La situation du cinéma ressemble à un champ de bataille et l’enjeu de cette bataille est le spectateur. Comment faire face à une reprise en main du marché et à la toute puissance des chaînes de télévision rivées sur leur audimat ? Comment résister à cette tendance qui tend à réduire le spectateur à un consommateur fasciné par la marchandise ?
Le temps presse et il est urgent que la puissance publique et l’ensemble des acteurs du cinéma indépendant s’emparent sérieusement de ces questions.
Car il n’y a cinéma que lorsqu’il y a spectateur dans la salle, disait Serge Daney. « Il faut que quelqu’un voie le film, le perçoive et se mette à jouer quelque chose de lui-même
dans ce film ». Dans cet espace commun entre le film et le spectateur, la rencontre devient possible...

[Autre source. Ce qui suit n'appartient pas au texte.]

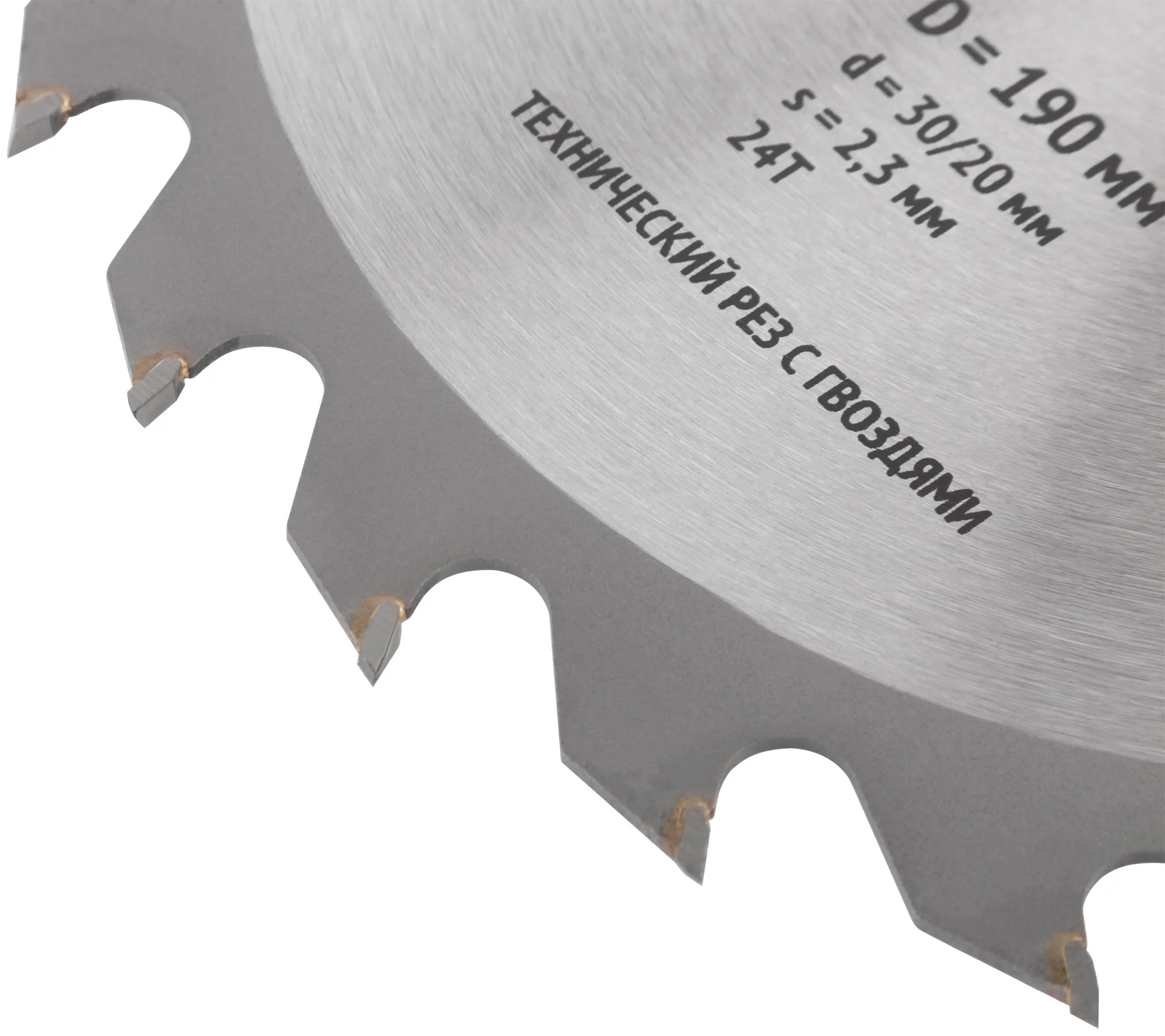 Диск пильный 190 х 30/20 х 24T для резки дерева с гвоздями

C’est dans cet esprit que nous avons conçu la troisième édition des Rencontres sur les Docks qui, cette année, fait la part belle aux documentaires. Un genre particulier qui nous tient à c?ur parce qu’il rend compte de la résistance du monde.
Un programme pour vous inciter à délaisser votre poste de télévision et à prendre des chemins de traverse pour écouter le monde à travers des petites voix d’ici et d’ailleurs,
les voix chaleureuses et dignes des journaliers du Nordeste brésilien, les voix vibrantes des ouvriers de l’usine LIP à Besançon, la voix mythique de Thomas Sankara ou les voix brisées des prostituées filmées par Rithy Panh.
Et puis les Rencontres, c’est aussi la volonté de prendre le temps, car à l’Atalante, la place du spectateur, est aussi sur un coin de comptoir à la taverne, pour des discussions à bâtons rompus ou pour se laisser entraîner par les balades jubilatoires de Marc Perrone ou la musique tonitruante du Garazi Philanthropik(e) Orkestra.